* Material provided
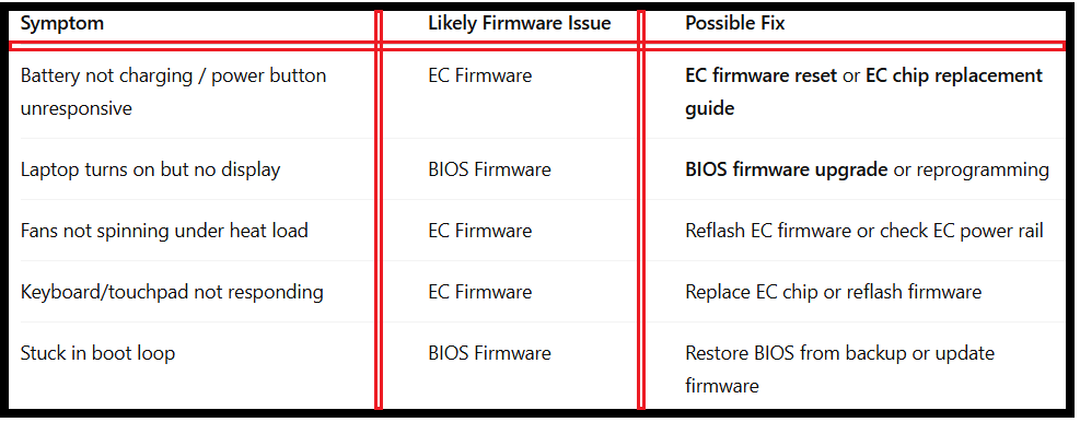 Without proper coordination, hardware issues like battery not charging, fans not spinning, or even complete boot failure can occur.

* * *

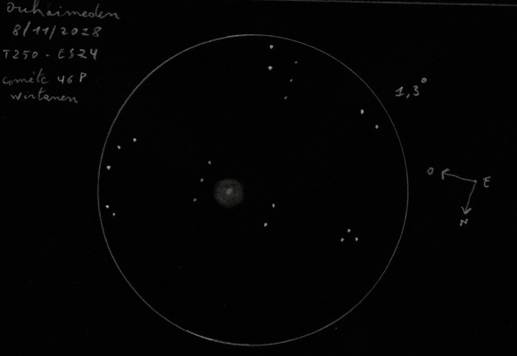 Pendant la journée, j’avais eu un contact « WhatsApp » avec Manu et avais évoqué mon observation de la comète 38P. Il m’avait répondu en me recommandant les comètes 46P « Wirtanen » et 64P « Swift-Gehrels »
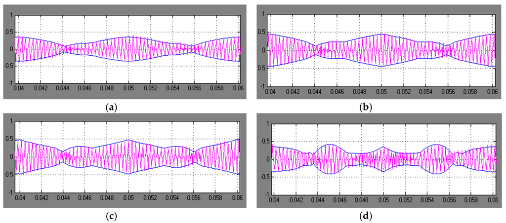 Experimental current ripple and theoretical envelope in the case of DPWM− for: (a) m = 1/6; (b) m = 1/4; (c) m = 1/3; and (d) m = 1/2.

* Directions for this task
Above are some entries; copy exactly the lines from the line with "Pendant la journée, j’avais" through the line with "Experimental current ripple", both included, but none of the pictures.

* Solution to this task
 Pendant la journée, j’avais eu un contact « WhatsApp » avec Manu et avais évoqué mon observation de la comète 38P. Il m’avait répondu en me recommandant les comètes 46P « Wirtanen » et 64P « Swift-Gehrels »
 Experimental current ripple and theoretical envelope in the case of DPWM− for: (a) m = 1/6; (b) m = 1/4; (c) m = 1/3; and (d) m = 1/2.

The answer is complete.